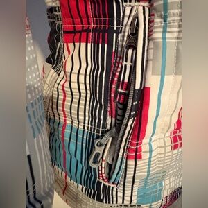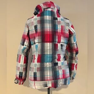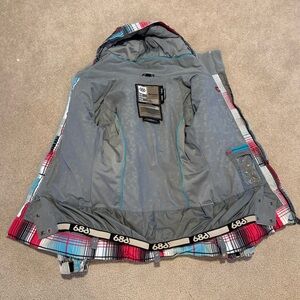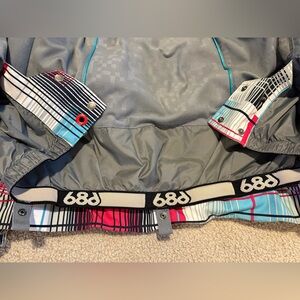Stylish ski jacket by 686. Ideal for cool weather. Featuring bright blues, hot pinks, grays and white. 2 outside pockets with hooks, one pocket inside. 5000mm 5000gm thermal rating 9. In excellent condition as pictured.
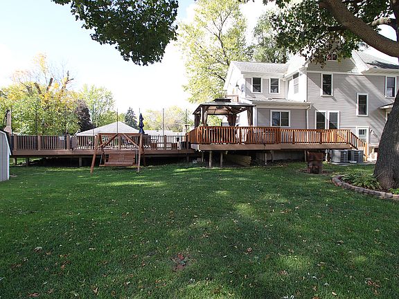 This wonderful home boasts a welcoming front porch, an open concept living and dining area, and a well-equipped eat-in kitchen featuring modern appliances, cabinets and a large breakfast bar. The spacious family room with a stone fireplace and bay windows adds a cozy touch. The second level includes four bedrooms, each with ceiling fans, and a luxurious owner's suite with a walk-in closet and a bathroom complete with a separate shower and whirlpool bathtub. One of the bedrooms offers a balcony overlooking the pool. Ample storage in the attic enhances functionality, while the basement offers additional recreational space, storage options, a potential fifth bedroom, and laundry facilities. Outside, the large composite deck is perfect for entertaining, complemented by a gazebo and pool. Practical features include a two-car garage, a shed, dual furnaces and AC units, a tankless water heater, newer gutters, and new entry doors. The home is being sold as-is, which may attract buyers looking for a spacious family residence with numerous amenities.
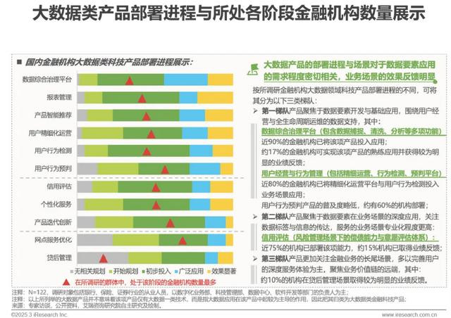 以流程管理与用户服务为核心,大数据类科技产品在国内金融行业的实践范围更广泛,多项应用已获得较为显著的业绩反馈
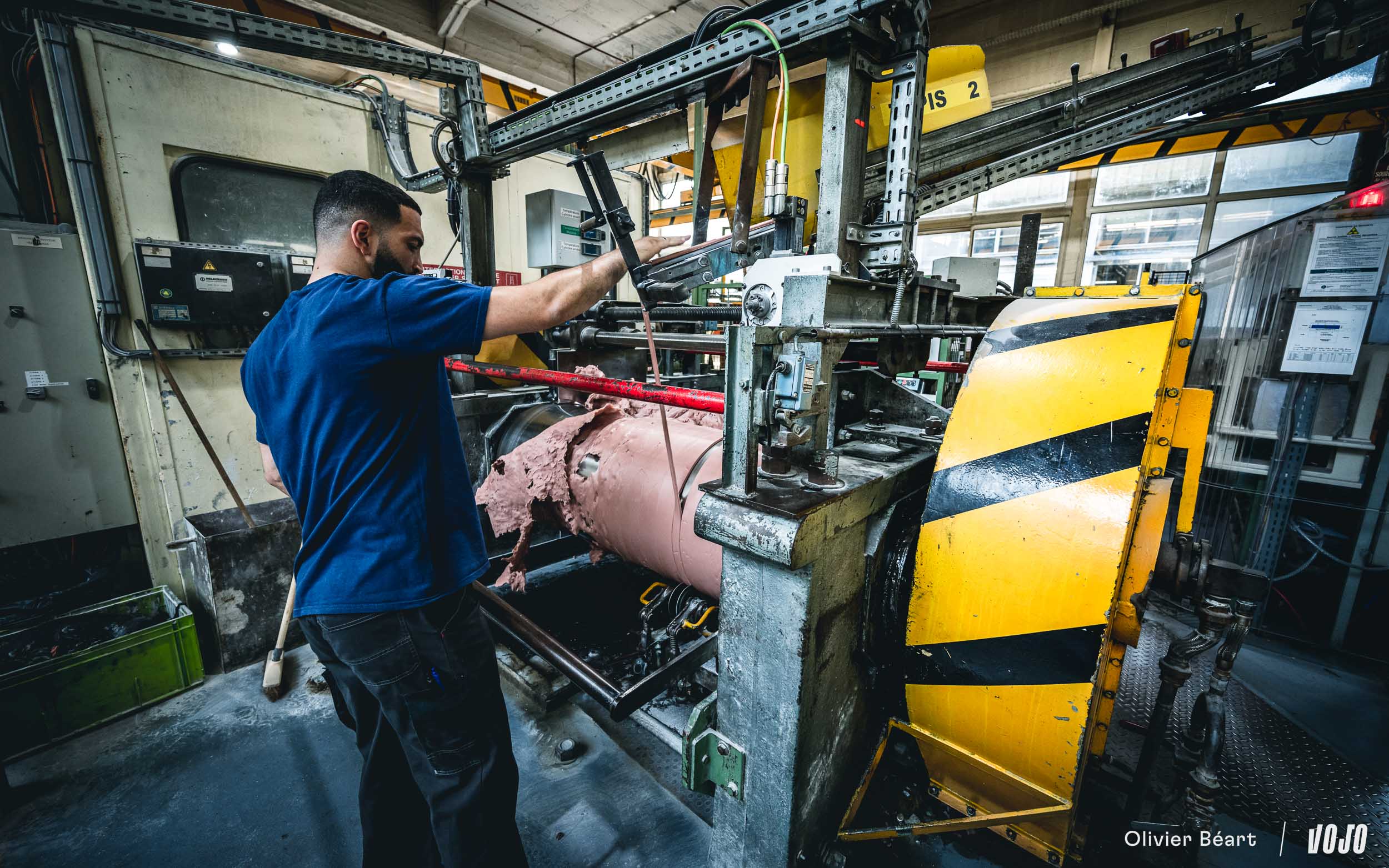 On fabrique des pneus ici depuis 1870 et, si les matériaux et les techniques ont bien évolué depuis, lors de notre visite, nous avons encore rencontré des machines quasiment centenaires.

■ WORK TO COMPLETE: The answer must be the listing above, restated word for word, with no images in it.

■ EXERCISE RESPONSE:
Stylish ski jacket by 686. Ideal for cool weather. Featuring bright blues, hot pinks, grays and white. 2 outside pockets with hooks, one pocket inside. 5000mm 5000gm thermal rating 9. In excellent condition as pictured.
 This wonderful home boasts a welcoming front porch, an open concept living and dining area, and a well-equipped eat-in kitchen featuring modern appliances, cabinets and a large breakfast bar. The spacious family room with a stone fireplace and bay windows adds a cozy touch. The second level includes four bedrooms, each with ceiling fans, and a luxurious owner's suite with a walk-in closet and a bathroom complete with a separate shower and whirlpool bathtub. One of the bedrooms offers a balcony overlooking the pool. Ample storage in the attic enhances functionality, while the basement offers additional recreational space, storage options, a potential fifth bedroom, and laundry facilities. Outside, the large composite deck is perfect for entertaining, complemented by a gazebo and pool. Practical features include a two-car garage, a shed, dual furnaces and AC units, a tankless water heater, newer gutters, and new entry doors. The home is being sold as-is, which may attract buyers looking for a spacious family residence with numerous amenities.
 以流程管理与用户服务为核心,大数据类科技产品在国内金融行业的实践范围更广泛,多项应用已获得较为显著的业绩反馈
 On fabrique des pneus ici depuis 1870 et, si les matériaux et les techniques ont bien évolué depuis, lors de notre visite, nous avons encore rencontré des machines quasiment centenaires.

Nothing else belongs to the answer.